▸ **RECORDS SHOWN**:
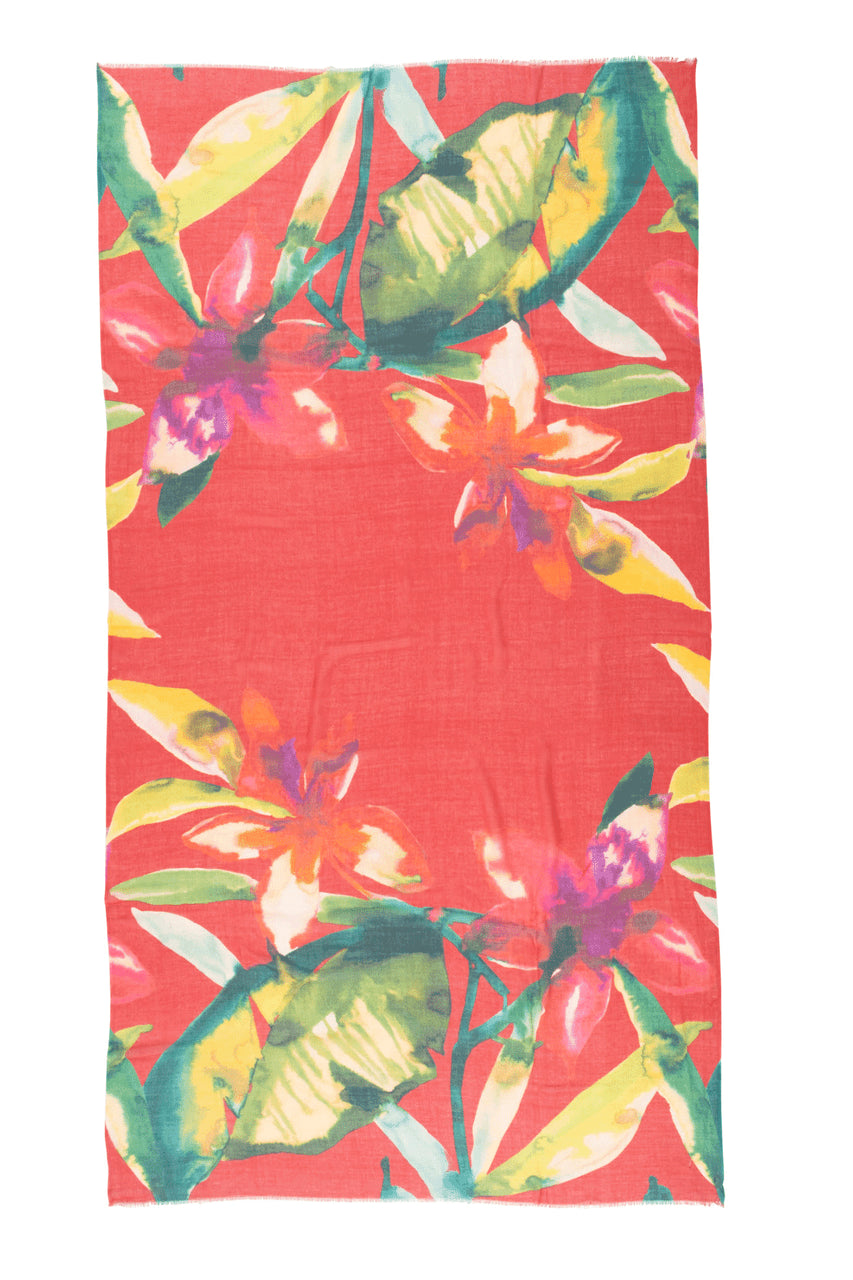 Create a fresh look with tropical florals printed on a cotton silk blend.
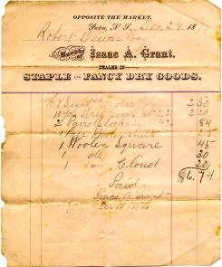Bill of sale between Isaac A Grant and Robert Dewar dated 24 Dec 1879
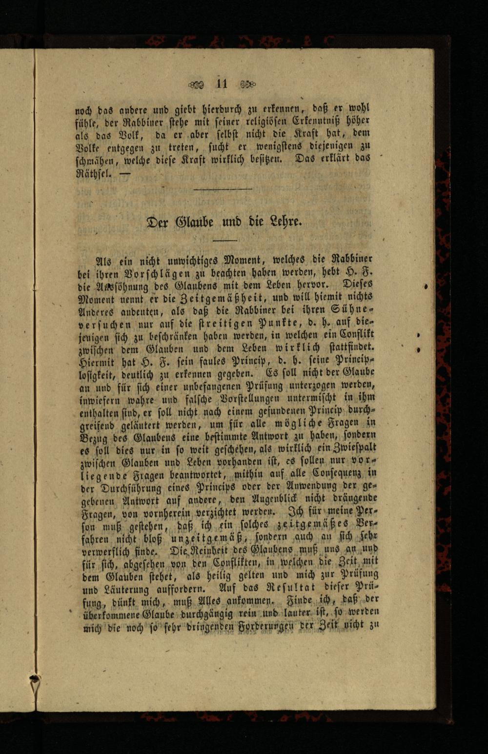 Als ein nicht unwichtiges Moment, welches die Rabbiner bei ihren Vorſchlägen zu beachten haben werden, hebt H. F. die Acsſöhnung des Glaubens mit dem Leben hervor. Dieſes Moment nennt er die Zeitgemäßheit, und will hiemit nichts Anderes andeuten, als daß die Rabbiner bei ihren Sühneverſuchen nur auf die ſtreitigen Punkte, d. h. auf diejenigen ſich zu beſchränken haben werden, in welchen ein Conflikt zwiſchen dem Glauben und dem Leben wirklich ſtattfindet. Hiermit hat H. F. ſein faules Princip, d. h. ſeine Prineiploſſgkeit, deutlich zu erkennen gegeben. Es ſoll nicht der Glaube an und für ſich einer unbefangenen Prüfung unterzogen werden, inwiefern wahre und falſche Vorſtellungen untermiſcht in ihm enthalten ſind, er ſoll nicht nach einem gefundenen Prineip durchgreifend geläutert werden, um für alle mögliche Fragen in Bezug des Glaubens eine beſtimmte Antwort zu haben, ſondern es ſoll dies nur in fo weit geſchehen, als wirklich ein Zwieſpalt zwiſchen Glauben und Leben vorhanden iſt, es ſollen nur vo rliegende Fragen beantwortet, mithin auf alle Conſequenz in der Durchführung eines Princips oder der Anwendung der gegebenen Antwort auf andere, den Augenblick nicht drängende Fragen, von vornherein verzichtet werden. Ich für meine Perſon muß geſtehen, daß ich ein ſolches zeitgemäßes Ver⸗= fahren nicht bloß unzeitgemäß, ſondern auch an ſich ſehr verwerflich finde. Die Reinheit des Glaubens muß uns an und, für ſich, abgeſehen von den Conflikten, in welchen die Zeit mit bem Glauben ſtehet, als heilig gelten und mich zur Prüfung und Läuterung auffordern. Auf das Reſultat dieſer Prüfung, dünkt, mich, muß Alles ankommen. Finde ich, daß der überkommene Glaube durchgängig rein und lauter iſt, ſo werden mich die noch ſo ſehr dringen den Forderungen der Zeit nicht zu
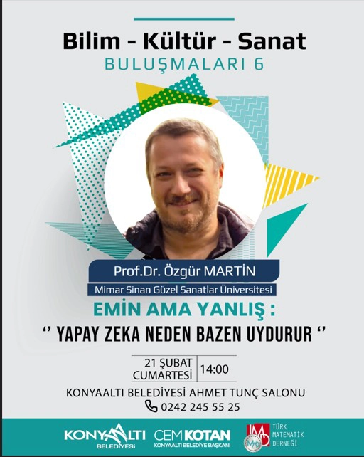 Konyaaltı Belediyesi’nin 6’ncısını düzenlediği Bilim, Kültür ve Sanat Buluşmaları kapsamında Prof. Dr. Özgür Martin, “Yapay Zeka Neden Bazen Uydurur” başlıklı konferansla katılımcılarla bir araya gelecek. Etkinlik, 21 Şubat Cumartesi günü saat 14.00’te Konyaaltı Belediyesi Ahmet Tunç Salonu’nda gerçekleştirilecek.
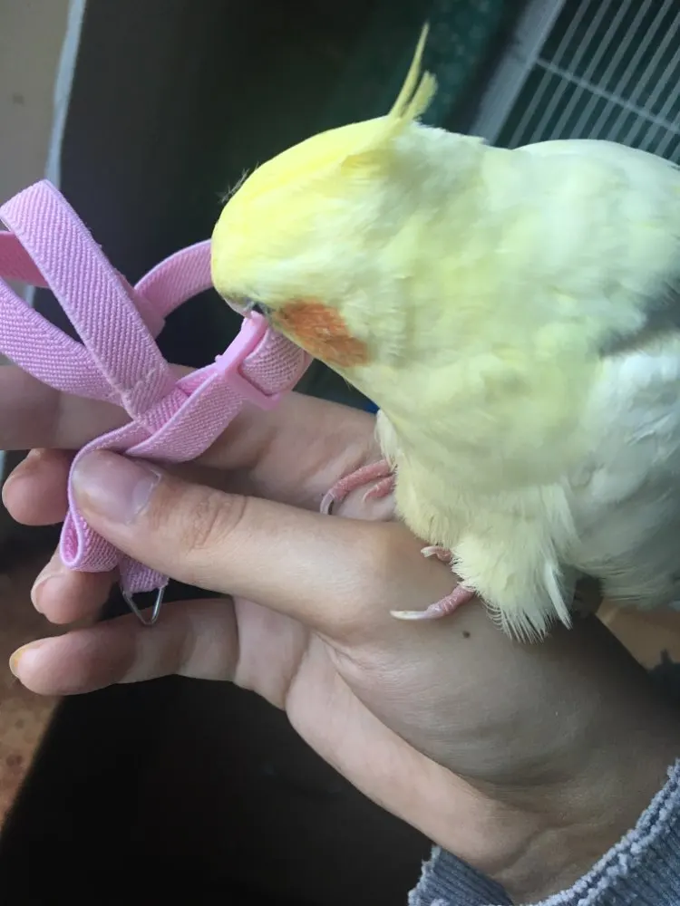 I have few different leashes. the other makes are silk straps, very thin, long. however this one is elastic straps and I think little small for the cockatiel. i put this on my cockatiel neck but couldn't fit it through the wings. one thing I must say this is very good quality very and made very well.
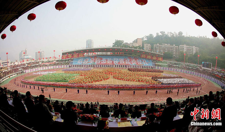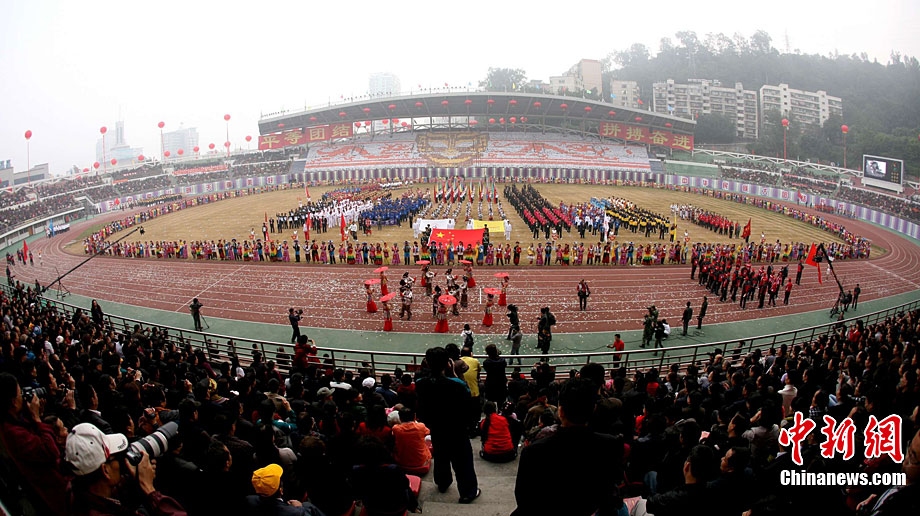 11月10日,四川省第13屆少數民族體育運動會在攀枝花拉開帷幕。來自涼山州、甘孜州、阿壩州、樂山市、雅安市等10個市州以及西南民族大學、成都體育學院共12支代表隊1066名運動員,將參加陀螺、民族式摔跤、田徑等9個競賽項目7天的比賽。本次運動會是四川歷屆少數民族運動會規模最大的一次,所有項目均可免費觀看。中新社發 劉忠俊 攝
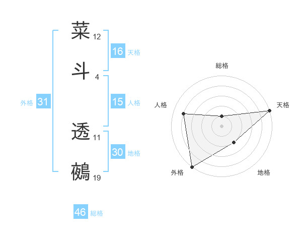 菜斗 透鵺さんの総格は46画の1点!
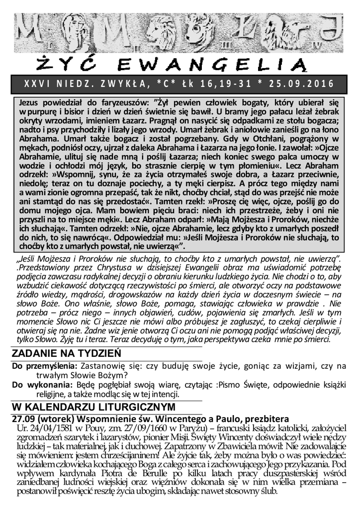 XXVI NIEDZ. ZWYKŁA, *C* Łk 16,19-31 * 25.09.2016 Jezus powiedział do faryzeuszów: ”Żył pewien człowiek bogaty, który ubierał się w purpurę i bisior i dzień w dzień świetnie się bawił. U bramy jego pałacu leżał żebrak okryty wrzodami, imieniem Łazarz. Pragnął on nasycić się odpadkami ze stołu bogacza; nadto i psy przychodziły i lizały jego wrzody. Umarł żebrak i aniołowie zanieśli go na łono Abrahama. Umarł także bogacz i został pogrzebany. Gdy w Otchłani, pogrążony w mękach, podniósł oczy, ujrzał z daleka Abrahama i Łazarza na jego łonie. I zawołał: »Ojcze Abrahamie, ulituj się nade mną i poślij Łazarza; niech koniec swego palca umoczy w wodzie i ochłodzi mój język, bo strasznie cierpię w tym płomieniu«. Lecz Abraham odrzekł: »Wspomnij, synu, że za życia otrzymałeś swoje dobra, a Łazarz przeciwnie, niedolę; teraz on tu doznaje pociechy, a ty męki cierpisz. A prócz tego między nami a wami zionie ogromna przepaść, tak że nikt, choćby chciał, stąd do was przejść nie może ani stamtąd do nas się przedostać«. Tamten rzekł: »Proszę cię więc, ojcze, poślij go do domu mojego ojca. Mam bowiem pięciu braci: niech ich przestrzeże, żeby i oni nie przyszli na to miejsce męki«. Lecz Abraham odparł: »Mają Mojżesza i Proroków, niechże ich słuchają«. Tamten odrzekł: »Nie, ojcze Abrahamie, lecz gdyby kto z umarłych poszedł do nich, to się nawrócą«. Odpowiedział mu: »Jeśli Mojżesza i Proroków nie słuchają, to choćby kto z umarłych powstał, nie uwierzą«”. „Jeśli Mojżesza i Proroków nie słuchają, to choćby kto z umarłych powstał, nie uwierzą”. .Przedstawiony przez Chrystusa w dzisiejszej Ewangelii obraz ma uświadomić potrzebę podjęcia zawczasu radykalnej decyzji o obraniu kierunku ludzkiego życia. Nie chodzi o to, aby wzbudzić ciekawość dotyczącą rzeczywistości po śmierci, ale otworzyć oczy na podstawowe źródło wiedzy, mądrości, drogowskazów na każdy dzień życia w doczesnym świecie – na słowo Boże. Ono właśnie, słowo Boże, pomaga, stawiając człowieka w prawdzie . Nie potrzeba – prócz niego – innych objawień, cudów, pojawienia się zmarłych. Jeśli w tym momencie Słowo nic Ci jeszcze nie mówi albo próbujesz je zagłuszyć, to czekaj cierpliwie i otwieraj się na nie. Żadne wiz jenie otworzą Ci oczu ani nie pomogą podjąć właściwej decyzji, tylko Słowo. Żyję tu i teraz. Teraz decyduję o tym, jaka perspektywa czeka mnie po śmierci. ZADANIE NA TYDZIEŃ Do przemyślenia: Zastanowię się: czy buduję swoje życie, goniąc za wizjami, czy na trwałym Słowie Bożym? Do wykonania: Będę pogłębiał swoją wiarę, czytając :Pismo Święte, odpowiednie książki religijne, a także modląc się w tej intencji. W KALENDARZU LITURGICZNYM 27.09 (wtorek) Wspomnienie św. Wincentego a Paulo, prezbitera Ur. 24/04/1581 w Pouy, zm. 27/09/1660 w ParyŜu) – francuski ksiądz katolicki, załoŜyciel zgromadzeń szarytek i lazarystów, pionier Misji. Święty Wincenty doświadczył wiele nędzy ludzkiej – tak materialnej, jak i duchowej. Zapatrzony w Zbawiciela mówił: Nie zadowalajcie się mówieniem: jestem chrześcijaninem! Ale Ŝyjcie tak, Ŝeby moŜna było o was powiedzieć: widziałem człowieka kochającego Boga z całego serca i zachowującego Jego przykazania. Pod wpływem kardynała Piotra de Berulle po kilku latach pracy duszpasterskiej wśród zaniedbanej ludności wiejskiej oraz więźniów dokonała się w nim wielka przemiana – postanowił poświęcić resztę Ŝycia ubogim, składając nawet stosowny ślub. 28.09 (środa) Wspomnienie św. Wacława, męczennika Postać króla św. Wacława przenosi nas do początków X wieku, a więc do czasów jeszcze sprzed Chrztu Polski. Jak Polacy mają św. Stanisława, biskupa i męczennika, Węgrzy świętego króla Stefana, tak Czesi czczą św. Wacława - króla i męczennika. Święty ten oświeca wielkim blaskiem początki dziejów naszych południowych sąsiadów, którzy przyjęli chrzest wcześniej niŜ my, Polacy, a którzy niestety dziś są jednym z najbardziej ateistycznych krajów Europy. 29.09 (czwartek) Święto św. Archaniołów Michała, Gabriela i Rafała. Na posłannictwo pierwszego z trzech znanych nam archaniołów wskazuje samo jego imię „Michał” - wywodzące się z języka hebrajskiego (Mika-el – dosł. „KtóŜ jak Bóg”). Imię to stanowi bowiem zarazem zawołanie, które archanioł ten miał wypowiedzieć stając do walki z szatanem. Posłannictwem Archanioła Michała jest zatem walka o chwałę i cześć NajwyŜszego, na czele zastępów niebieskich, którymi dowodzi on w zmaganiach z duchami ciemności (Ap 12,7-9). Archanioł Michał ma równieŜ pojawić się w czasach ostatecznych jako ten, na którego głos umarli powstaną do Ŝycia. Imię Archanioła Gabriela posiada rodowód hebrajski (Gabri-el) i znaczy tyle, co „moc BoŜa” bądź „wojownik BoŜy”, niekiedy zaś tłumaczone bywa przy pomocy obszerniejszego wyraŜenia: „Bóg okazał się mocnym”. Teksty biblijne wskazują na fakt, Ŝe Archanioł Gabriel spełnia misje o szczególnej doniosłości np. :w Nowym Testamencie jako BoŜy Posłaniec zwiastuje Maryi poczęcie i narodziny Mesjasza (Łk 1, 26-38), wcześniej zaś zjawia się Zachariaszowi, zapowiadając przyjście na świat św. Jana Chrzciciela. Na posłannictwo Archanioła Rafała wskazuje jego imię pochodzące z języka greckiego (Rafa-el), z hebrajskiego (repa’el), które na polski przełoŜyć moŜna jako „Bóg jest uzdrowieniem” czy „Bóg uleczył (zbawił)” bądź teŜ „lekarstwo Boga”. Archanioł Rafał jako jedyny spośród archaniołów przedstawia się, Ŝe jest jednym z siedmiu aniołów stojących przed Majestatem Boga (Tb 12,15). Pojawia się w Biblii jako wysłannik BoŜej Opatrzności, towarzysząc młodemu Tobiaszowi w niebezpiecznej i dalekiej drodze. Opiekuje się nim, radzi i
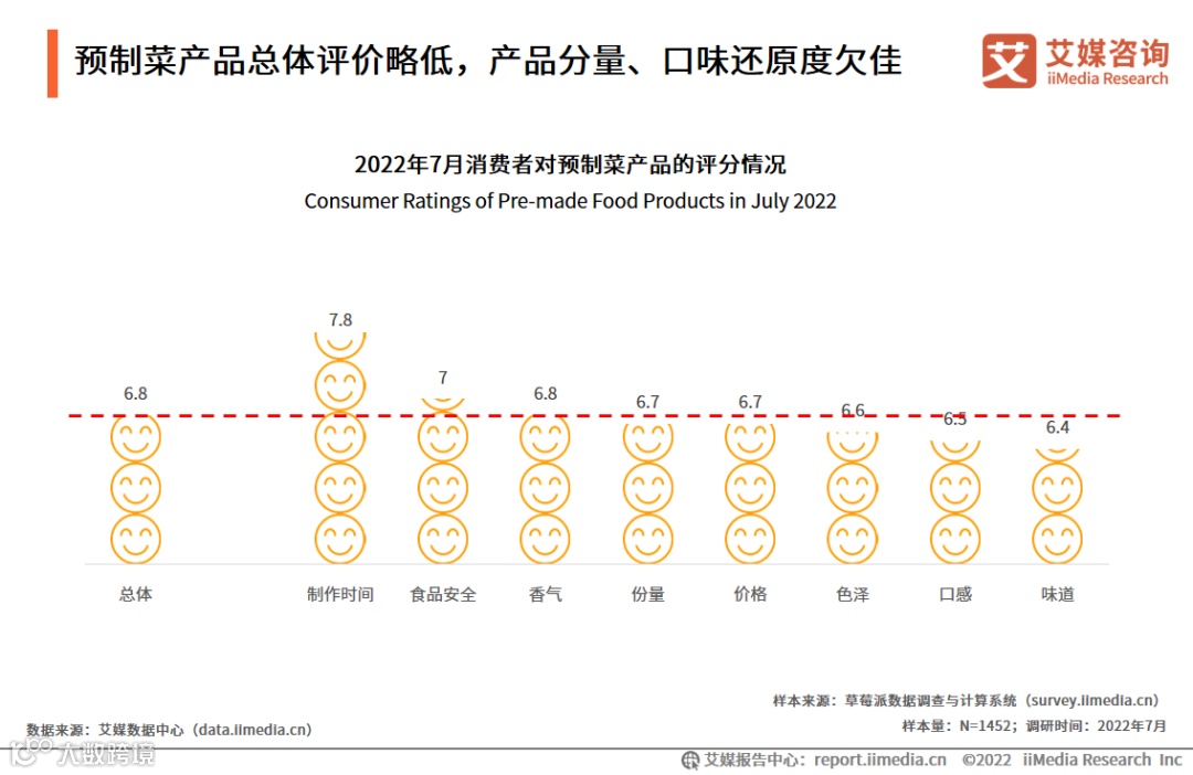 2022年7月调研数据显示,消费者对预制菜总体评分略低(6.8分),其中制作时间(7.8分)评分较高,产品的份量(6.7分)、价格(6.7分)、色泽(6.6分)、口感(6.5分)、味道(6.4分)低于总体得分。艾媒咨询分析师认为,消费者也认同预制菜具有减少制作菜肴的时间的特性,但对于口味还原度及分量评价较低。

▸ **ASSIGNMENT**: Exactly as written, repeat the lines of the material above from the first through the line holding "Bill of sale", with both ends in the copy and no pictures.

▸ **SOLUTION TO THE EXERCISE**:
 Create a fresh look with tropical florals printed on a cotton silk blend.
Bill of sale between Isaac A Grant and Robert Dewar dated 24 Dec 1879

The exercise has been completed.